Refer to user manual for detailed description of all options.
Access key and Secret key are your identifiers for Amazon S3. Leave them empty for using the env variables.
Access Key: ZHOE7MVPLJFE5EIU738W # rgw账号的access_key
Secret Key: VUNbdDwAGIq9AZv5f55e2gzptK1PUOnWg9nc44pE # rgw账号的secret_key
Default Region [US]: # 直接回车即可
Use "s3.amazonaws.com" for S3 Endpoint and not modify it to the target Amazon S3.
S3 Endpoint [s3.amazonaws.com]: www.yinzhengjie.com # 用于访问rgw的地址
Use "%(bucket)s.s3.amazonaws.com" to the target Amazon S3. "%(bucket)s" and "%(location)s" vars can be used
if the target S3 system supports dns based buckets.
DNS-style bucket+hostname:port template for accessing a bucket [%(bucket)s.s3.amazonaws.com]: www.yinzhengjie.com/%(bucket) # 设置DNS解析风格
Encryption password is used to protect your files from reading
by unauthorized persons while in transfer to S3
Encryption password: # 文件不加密,直接回车即可
Path to GPG program [/usr/bin/gpg]: # 指定自定义的gpg程序路径,直接回车即可
When using secure HTTPS protocol all communication with Amazon S3
servers is protected from 3rd party eavesdropping. This method is
slower than plain HTTP, and can only be proxied with Python 2.7 or newer
Use HTTPS protocol [Yes]: No # 你的rgw是否是https,如果不是设置为No
On some networks all internet access must go through a HTTP proxy.

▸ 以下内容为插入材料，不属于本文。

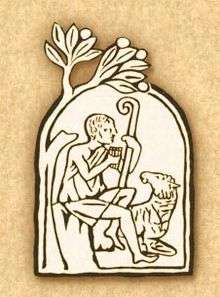 - ↑ "The figure (...) is an allegory of Christ as the shepherd" Andre Grabard, "Christian iconography, a study of its origins", ISBN 0-691-01830-8

Try setting it here if you can't connect to S3 directly
HTTP Proxy server name: # 代理服务器的地址,我并没有配置代理服务器,因此直接回车即可
New settings: # 注意,下面的信息是上面咱们填写时一个总的预览信息
Access Key: ZHOE7MVPLJFE5EIU738W
Secret Key: VUNbdDwAGIq9AZv5f55e2gzptK1PUOnWg9nc44pE
Default Region: US
S3 Endpoint: www.yinzhengjie.com
DNS-style bucket+hostname:port template for accessing a bucket: www.yinzhengjie.com/%(bucket)
Encryption password:
Path to GPG program: /usr/bin/gpg
Use HTTPS protocol: False
HTTP Proxy server name:
HTTP Proxy server port: 0
Test access with supplied credentials? [Y/n] Y # 如果确认上述信息没问题的话,则输入字母Y即可。
Please wait, attempting to list all buckets...
Success. Your access key and secret key worked fine :-)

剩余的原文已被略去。